Reviews

I Was a Beautiful Day

Iain Finlay MacLeod’s I Was a Beautiful Day allows us to make a fleeting but compelling connection to a post-traumatic stress suffered in the wake of the Gulf War. I hesitate to say ‘disorder’ because the beauty of Robert Willox’s portrayal of Dan is in the rationality he brings to a subject that could so easily fall under the spell of melodrama.

We are after all in a hospital for psychiatric patients. Whether Dan has chosen to be there or not is tackled keenly. We can all be prisoners of our memories in the sense that often what we would rather forget remains. However, as Dan is apparently forced to relive the horrors of war the play simultaneously presents a man who draws his energy from a near spiritual connection with the Isle of Lewis; it is his anchor and escape in a world that exhausts him.

Nicholas Karimi’s  excellent Glaswegian ‘Lube’ is the proverbial devil on Dan’s shoulder.

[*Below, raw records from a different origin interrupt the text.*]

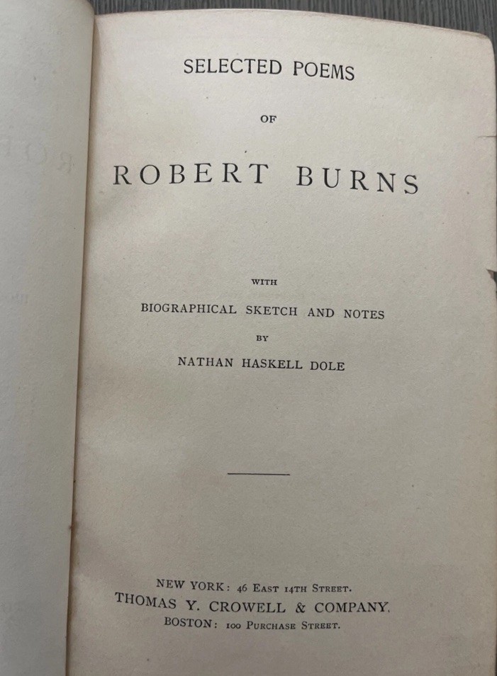 This product is a luxurious edition of select poems by Robert Burns, published in 1892 by T. Y. Crowell and Co. in New York. Bound in leather, this original edition features English language poetry by the renowned author. The collection is a valuable addition to any literature and fiction enthusiast's collection, showcasing the works of Robert Burns in a beautifully crafted format.
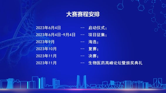 预计9月份进行大赛海选,10月份进行复赛,11月份进行决赛,并同步举办生物医药产业知识产权高峰论坛暨大赛颁奖典礼典。
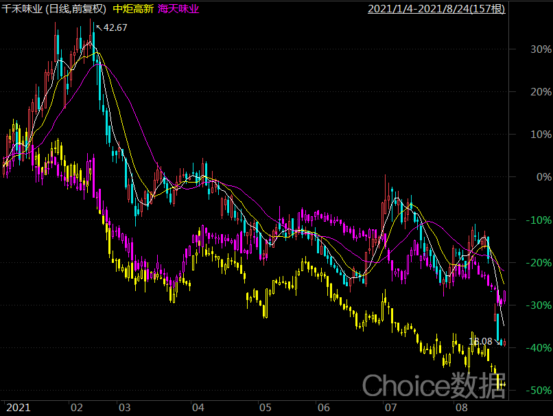 距离牛年春节的喧嚣仅仅过去了半年,A股曾经的调味品三巨头海天味业(SH:603288),中炬高新(SH:600872),千禾味业(SH:603027),市值已经回撤了至少50%。
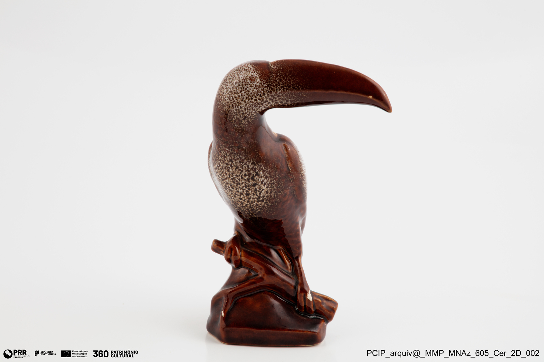 Matéria/Técnica: Faiança moldada; Cronologia: 1950; Autoria: J. Andrade; Dimensões: Altura: 24cm x Largura: 11cm x Profundidade: 16cm.

Increasingly paranoid, intense and fantastic he wrestles firstly with Dan’s mind then body as he offers escapism. This is in stark contrast to the real escape, or return proffered by Anne. First clumsy then courageous in her courting of Dan’s soul in the unlikely guise of a latter day cartographer, Kirsty Stuart completes an outstanding cast for this production.

Lube is costumed in a slightly stereotypical tracksuit and loose tie attire, but the performances, most enduringly of all from Robert Willox, make this a trifling distraction, and Beckie Mills’ direction rarely falters in a production that does justice to the Finborough’s reputation as one of the ‘most stimulating venues in London’.

I Was a Beautiful Day runs on Sundays and Mondays until 27 July.